:: Records to use ::
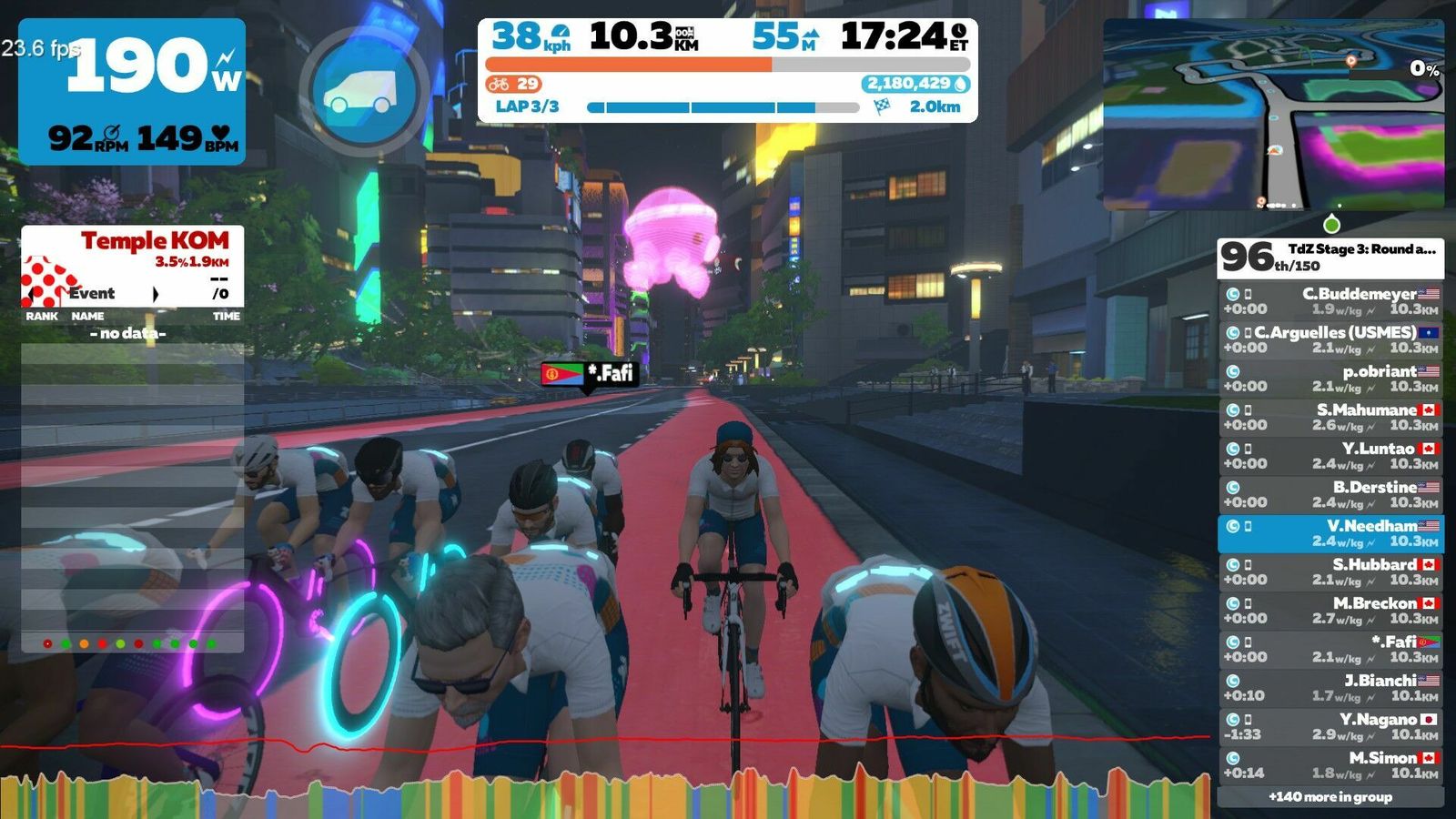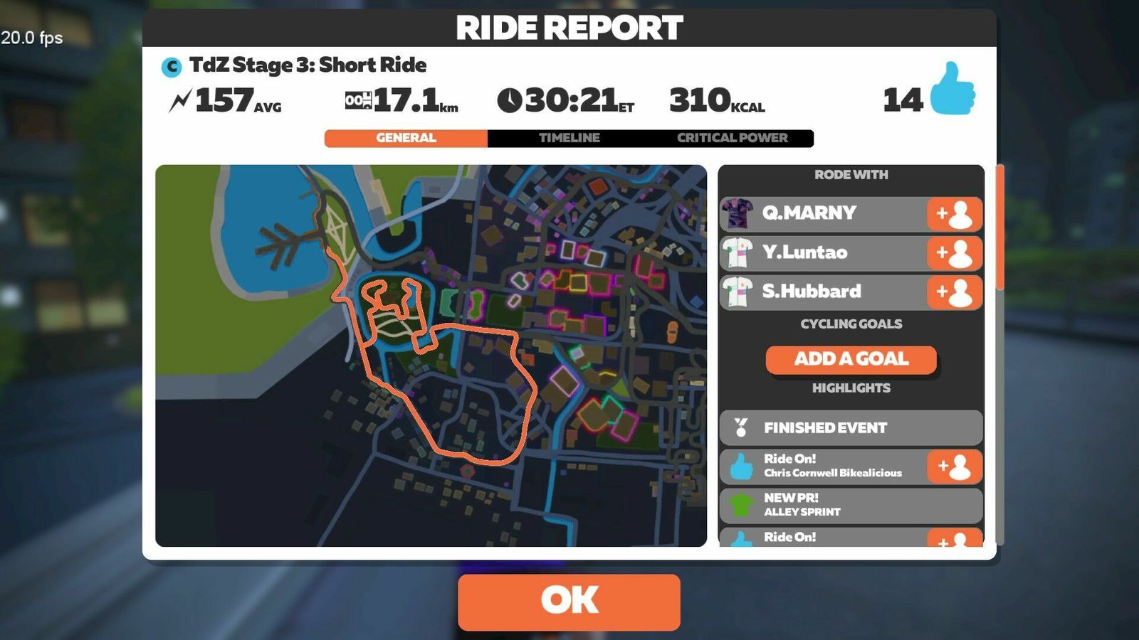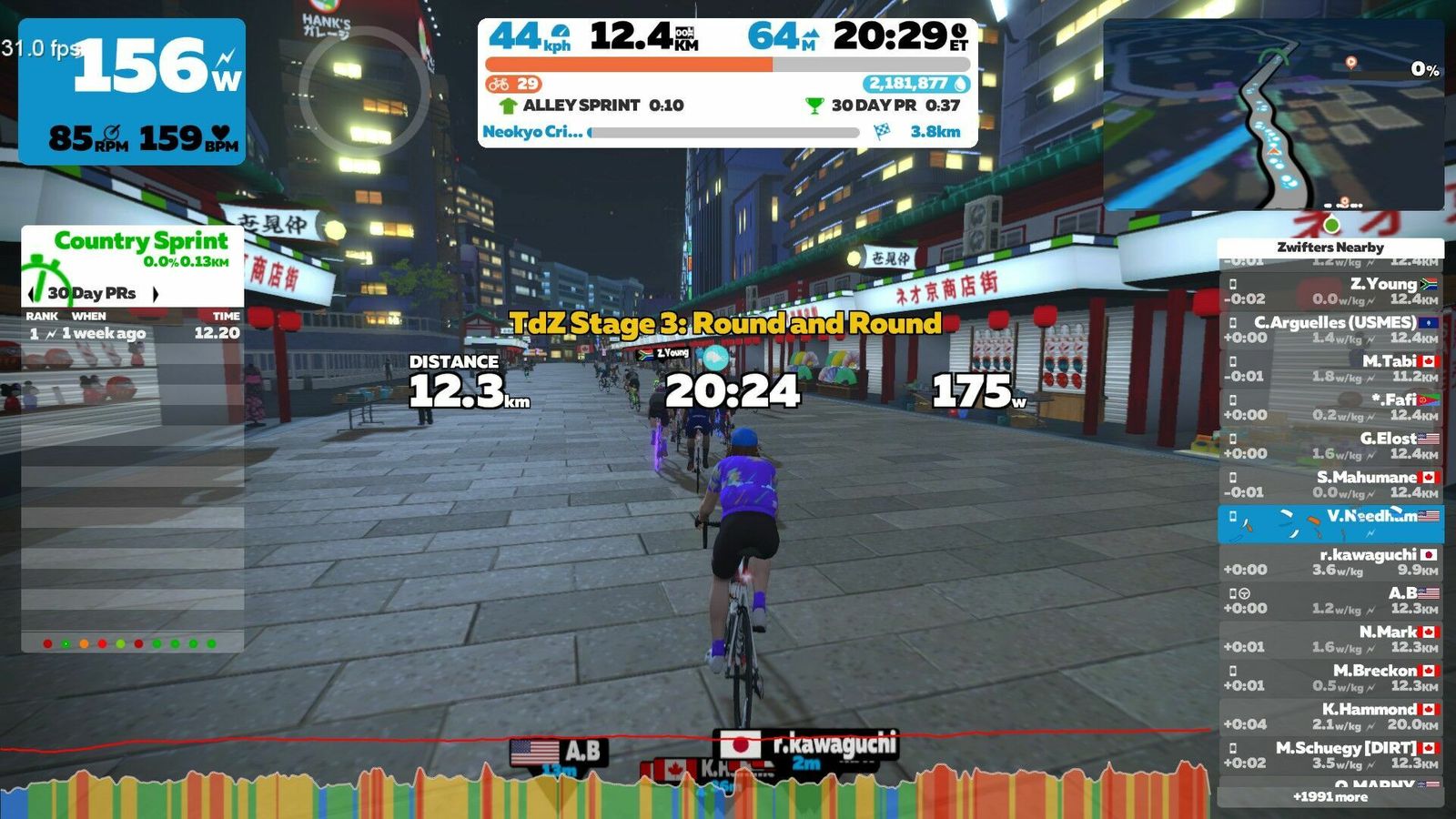 On tonight's stage of the TdZ we went "Round and Round" on the new Neokyo Crit Course. Lots of riders blobbing and taking advantage of the double draft, so it was a fast three laps for the official event. I did an extra lap to cool down and pad out the time and distance.
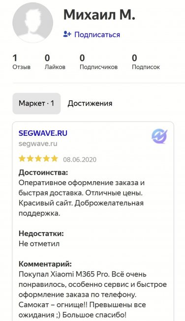 В 2020 году он снова был в России, купил электросамокат и не поленился написать отзыв:
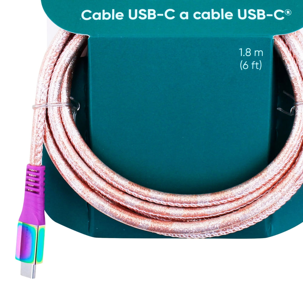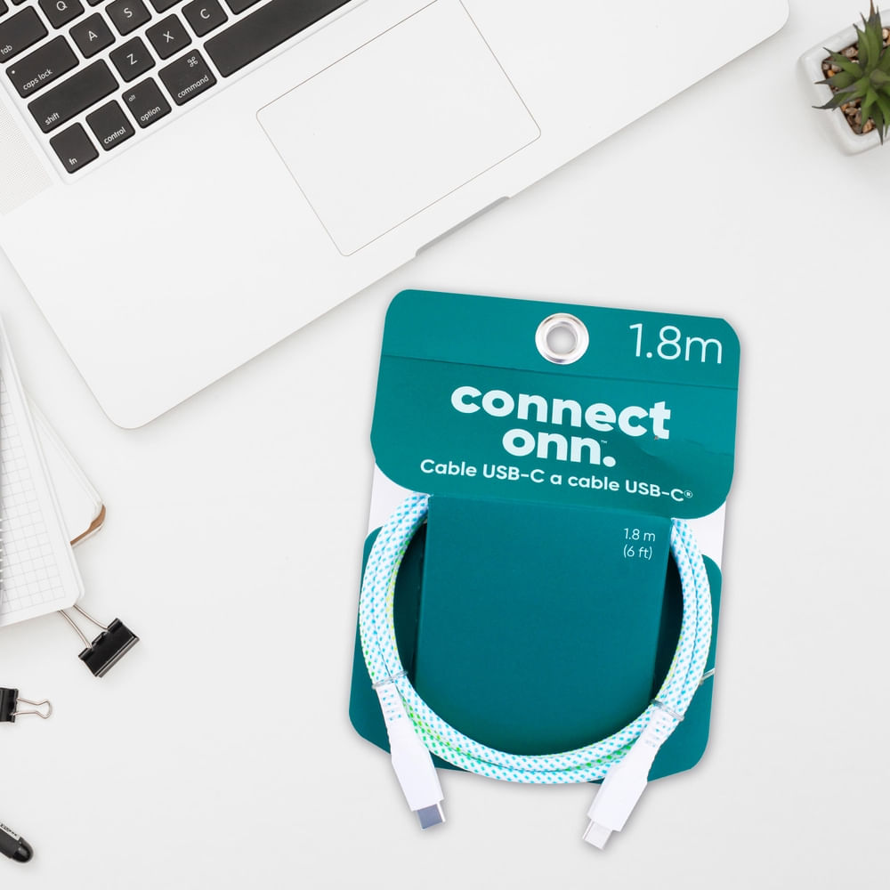 Cable USB-C a USB-C de la marca Onn en color neon amarillo. Ideal para cargar y sincronizar dispositivos con entrada USB-C. La longitud total del cable es de 1.0 Ud y es resistente y duradero.
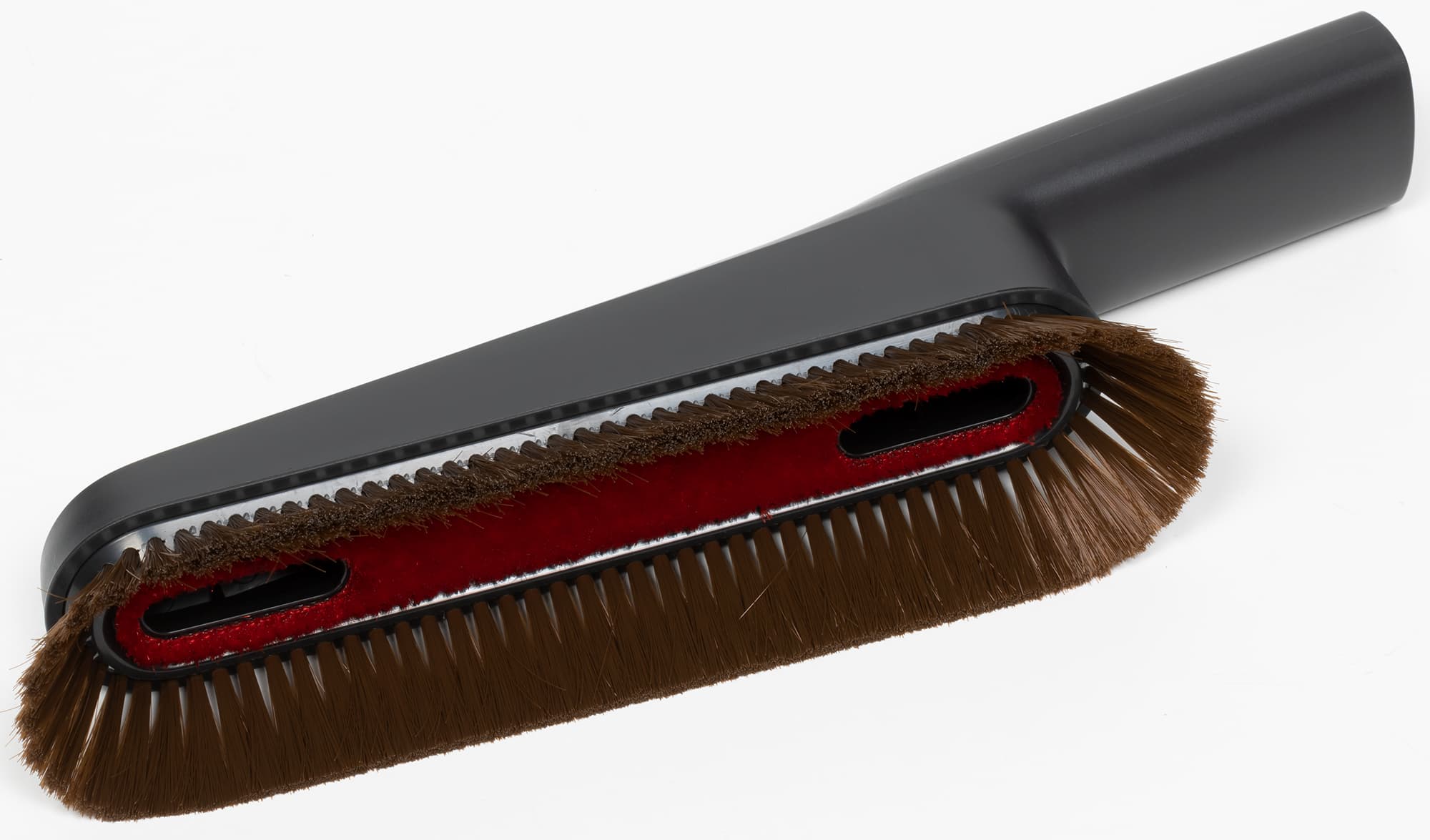 Моторная щетка для мягкой мебели и матрасов также нас порадовала. Хотя в ее конструкции мы не обнаружили каких-либо заметных нововведений (это типовое решение), чистить диваны и кровати ей очень удобно.
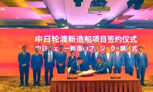 8月26日,招商局金陵船舶(威海)有限公司與中日國際輪渡有限公司在上海舉行了“192客位中日航線客滾船——鑒真號”新造船項目簽約儀式。簽約儀...

:: What the task requires ::
For this exercise, reproduce exactly the lines of the records above from the one with "В 2020 году" up to and including the one with "Моторная щетка для", without pictures.

:: Task output ::
 В 2020 году он снова был в России, купил электросамокат и не поленился написать отзыв:
 Cable USB-C a USB-C de la marca Onn en color neon amarillo. Ideal para cargar y sincronizar dispositivos con entrada USB-C. La longitud total del cable es de 1.0 Ud y es resistente y duradero.
 Моторная щетка для мягкой мебели и матрасов также нас порадовала. Хотя в ее конструкции мы не обнаружили каких-либо заметных нововведений (это типовое решение), чистить диваны и кровати ей очень удобно.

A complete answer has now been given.